CARLITOS, CAPITULO 1

Es curioso pero me parece que mi historia bien podría ser la de cualquiera sin importar en donde y cuando haya nacido, ¡Pero esta es la mía!

Todo comienza con mis recuerdos, desde luego voy a tener que omitir todos aquellos pasajes que por propia conveniencia no llegan a mí.

Me veo jugando en ciudad Netzahualcóyotl con bistecs de lodo, éstos se formaban al secarse el lodo después de la lluvia, los ocupaba para lanzarlos como platillos voladores, o bien, simplemente caminaba  arriba de ellos para quebrarlos como se quiebran las hojas secas que en otoño, en donde existen árboles; los niños quiebran al caminar.

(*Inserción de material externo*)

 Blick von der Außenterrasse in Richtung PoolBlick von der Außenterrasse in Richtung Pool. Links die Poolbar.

Jugaba también con canicas de piedra que compraba si no mal recuerdo a 3 x 5 centavos, mientras comía alguna rebanada de jícama con chile y limón que me habría costado 10 centavos, esto en el patio de mi casa que no contaba propiamente con una barda, tal vez unas piedras y palos que sirvieran  para delimitar nuestra propiedad, a la que no llegamos como paracaidistas, mis padres adquirieron una deuda de $5,000.00 allá por aquellos años de los  mediados de los 50’s.

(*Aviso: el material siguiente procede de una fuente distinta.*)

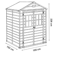 Izrađena od visokokvalitetnih materijala, naša vrtna kućica je izdržljiva i otporna na vremenske uslove, čineći je idealnim mjestom za skladištenje vrtnih alatki, vrtnog namještaja ili sezonskih ukrasa. Njen prostrani unutrašnji prostor omogućava organizaciju i lahko pristupanje vašim potrebama za vrtom.
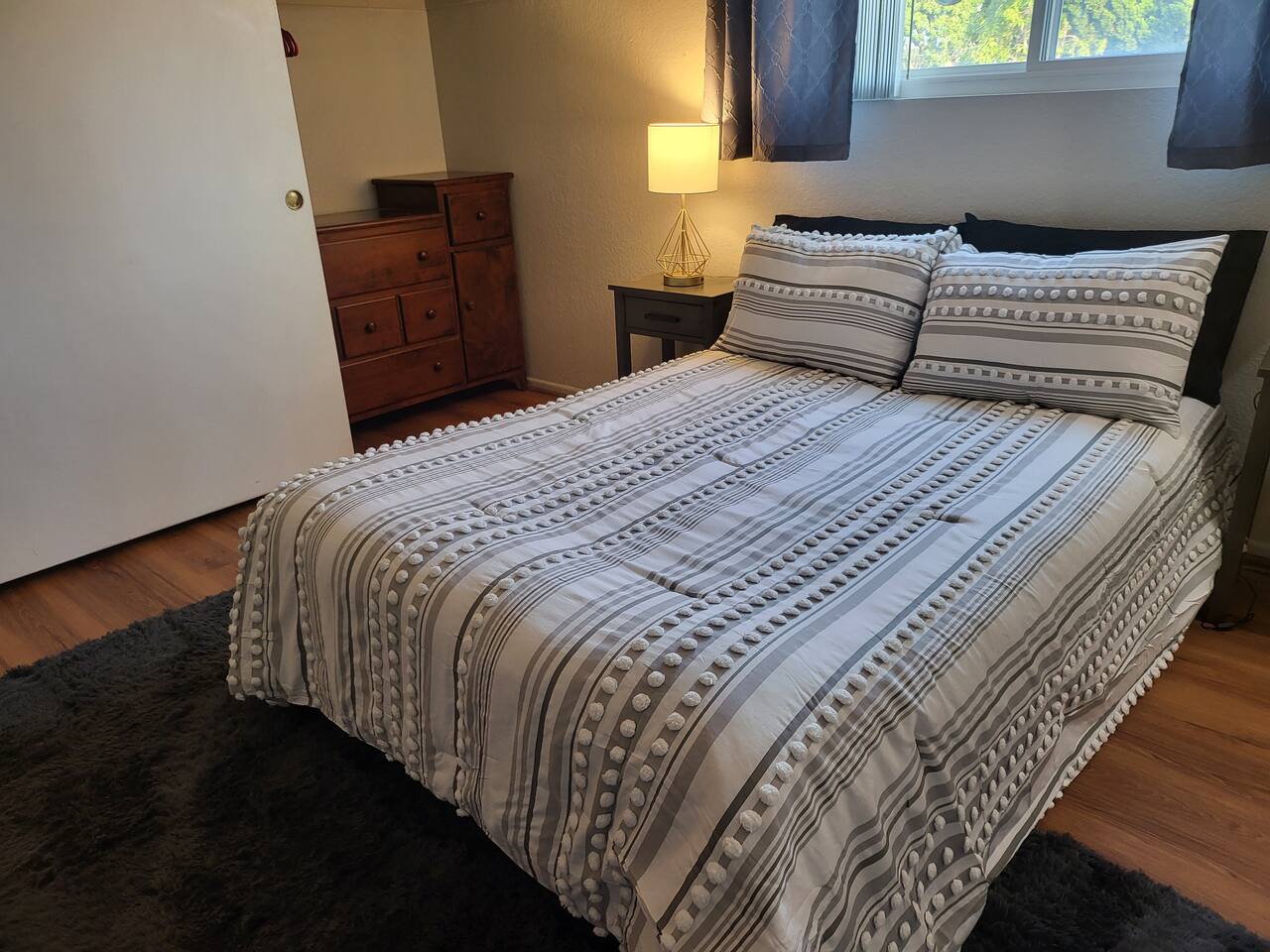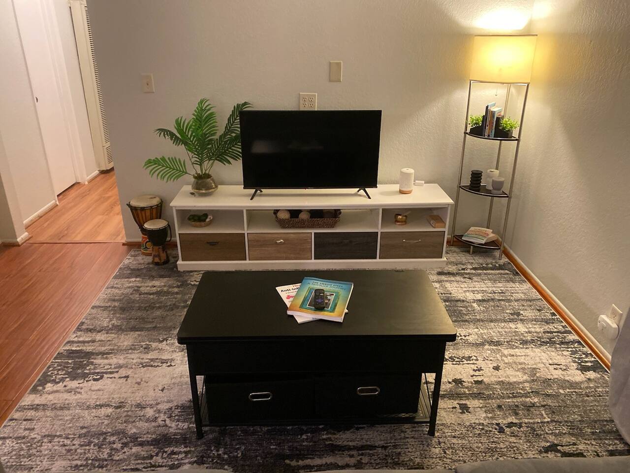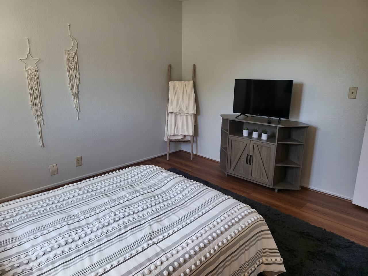 This two-bedroom, two-bathroom condo is located on the second floor. The primary bedroom features a queen bed and a private bathroom with a walk-in shower. This room includes a dresser, a large closet, and two nightstands equipped with standard and USB charging ports for convenient bedside charging. Additionally, it has a smart TV. The second bedroom contains a full bed, along with charging ports located on the left side of the bed frame for electronic devices. This room also comes with a smart TV and a TV stand that holds board games and puzzles. The lamp in this room has a built-in USB charging port as well. The living room features a queen sofa bed, a smart TV, and a gas fireplace. A lift-up coffee table can also be used as a dedicated workspace, dining table, or laptop table. It can also be extended to accommodate four people, making it perfect for game nights or extra dining. In the hallway, you will find towels and extra sheets, and blankets. The dining area features a large table with five chairs. The kitchen is well equipped with a toaster, coffee maker, electric can opener, electric hot water kettle, dishwasher, stove, microwave, and refrigerator. Overall, this space is thoughtfully designed and set up for a very comfortable stay.

Nuestra habitación en la que mágicamente cabían la cocina, la sala, la recamara de mis papás y la de los niños, el taller en el que mi papá con la ayuda de mi mamá hacia hasta cinco pantalones a la medida que una familia judía con negocios en aquellas viejas calles de San Juan de Letrán le confiaba; era de adobe con techo de láminas de cartón  y puerta de madera que atrancábamos  con un palo recargado contra el piso y una aldaba para mayor seguridad.

Como un relámpago acude a mi memoria el quinqué de petróleo con el que nos alumbrábamos noche tras noche, generalmente humeado aunque de vez en vez tan translucido que parecía que se había de quebrar si se agarraba sin cuidado.

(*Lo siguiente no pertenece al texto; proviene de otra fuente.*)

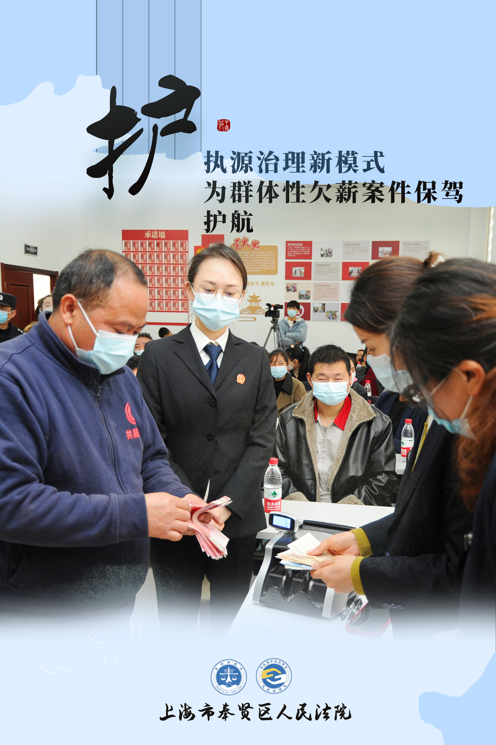 在“客堂间里护民生——奉贤法院工资发放活动”上,工人老徐终于拿到了自己半年多的工资。上海奉贤法院紧紧依靠地方党委、紧紧依靠属地政府、紧紧依靠当事人理解与支持,探索形成了“党委领导、多方支持、分工协作、形成合力”的执源治理新模式,使得这批涉130余名工人、总金额达510余万元的群体性欠薪纠纷得以妥善解决。
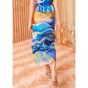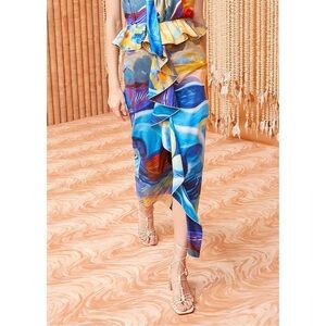 The Nora Skirt marks our first-ever collaboration with celebrated painter Shara Hughes, whose dreamy 2021 sunset painting “Tuck” is rendered across the silhouette in saturated blue and yellow hues. This limited-edition beauty is gathered at the waist with a cascading ruffle, has a front split, and falls to a column midi silhouette. It fastens with a concealed side zipper.

La maquina marca “Singer”, sin motor desde luego, en la que de manera perfecta e increíblemente rápida mi padre trabajó toda su vida.

La plancha de carbón (debe haber sido de hierro supongo pero con ese nombre la identificábamos), que se calentaba en la estufa de petróleo( me refiero a que el combustible era petróleo precisamente),  y utilizando un burrito (es un artefacto de madera de forma apropiad para planchar ropa)  forrado con manta de la que normalmente se utilizaría para las bolsas de los pantalones y posiblemente algún buen trozo de casimir de  lana pura para que fuera más resistente, servía perfectamente para darle  el terminado al trabajo.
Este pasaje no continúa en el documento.